—Mon père me connaît, monsieur, dit M. de Villefort, il sait que sa volonté sera sacrée pour moi; d’ailleurs il comprend que dans ma position je ne puis plaider contre les pauvres.»

L’œil de Noirtier exprima le triomphe.

«Que décidez-vous, monsieur? demanda le notaire à Villefort.

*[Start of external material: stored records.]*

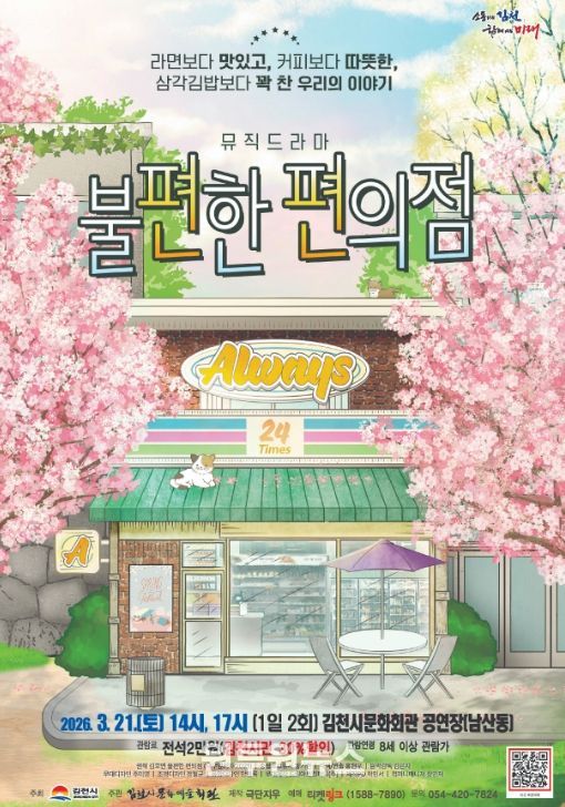 (원투원뉴스) 김천시 문화예술회관(관장 김해문)은 시민들에게 공감과 위로를 전하는 연극 '불편한 편의점'을 3월 21일(토) 문화회관(남산동)에서 개최한다.
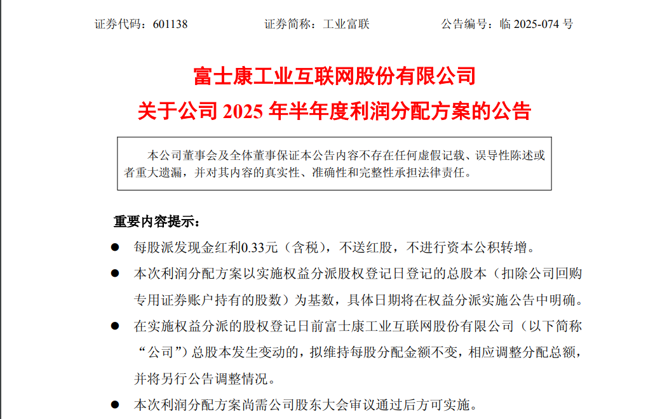 近期,工业富联发布2025年半年度利润分配方案,拟向全体股东每10股派发现金红利3.3元(含税),合计拟派发现金红利65.51亿元(含税),占公司2025年上半年归母净利润的54.08%。
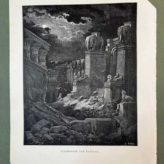 Puinhoopen van Babylon. Originele houtgravure van Gustave Doré uit 1875.
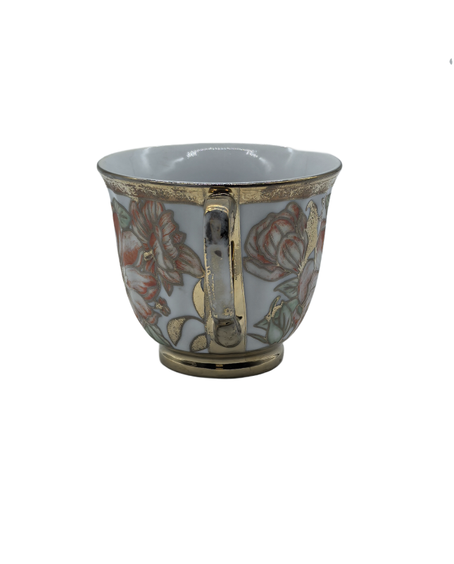 Red Flower Porcelain Tea Cup,Coffee Cup With Gold Rim
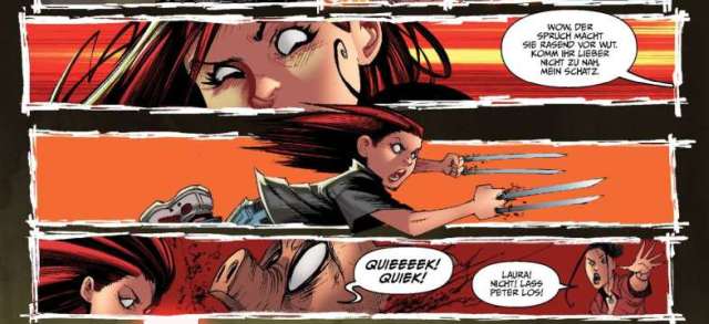 Den Auftakt macht „Weapon Hexx“, der Warp von Scarlet Witch und Laura alias Weapon X. Die Story über zwei US-Ausgaben ist ziemlich undramatisch aufgebaut und reißt einen nicht wirklich vom Hocker. Das Artwork immerhin wirkt kanckig, frisch und jung, etwa so wie das auch in dem „Teen Titans“-Megaband ist, den ich hier vor einigen Monaten vorgestellt habe.
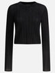 Loulou Studio's cashmere "Tinos" crew-neck sweater with a worked knit structure and pure cashmere construction. The pattern features loose fit, round neckline with thick ribbing, dropped shoulders, and marked ribbed trim on hem and cuffs. The rectangular silhouette is finished with pointed details placed at the back.
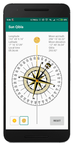 The application to find direction of qibla and direction of north, east, south, and west from your location using sun or moon position. This application need device's location access for the calculation.
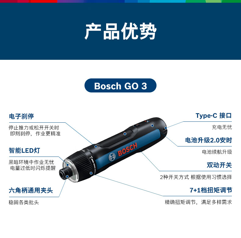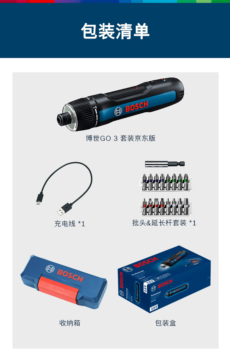• 商品名称:博世(BOSCH)电动螺丝刀/起子机家用安装数码维修GO3 17件批头套装磁吸延长杆 BOSCH GO 3/套

—Rien, monsieur, c’est une résolution prise dans l’esprit de mon père, et je sais que mon père ne change pas de résolution. Je me résigne donc. Ces neuf cent mille francs sortiront de la famille pour aller enrichir les hôpitaux; mais je ne céderai pas à un caprice de vieillard, et je ferai selon ma conscience.»

Et Villefort se retira avec sa femme, laissant son père libre de tester comme il l’entendrait.

Le même jour le testament fut fait; on alla chercher les témoins, il fut approuvé par le vieillard, fermé en leur présence et déposé chez M. Deschamps, le notaire de la famille.


[LX]

[Le télégraphe.]

M. et Mme de Villefort apprirent, en rentrant chez eux, que M. le comte de Monte-Cristo, qui était venu pour leur faire visite, avait été introduit dans le salon, où il les attendait; Mme de Villefort, trop émotionnée pour entrer ainsi tout à coup, passa par sa chambre à coucher, tandis que le procureur du roi, plus sûr de lui-même, s’avança directement vers le salon.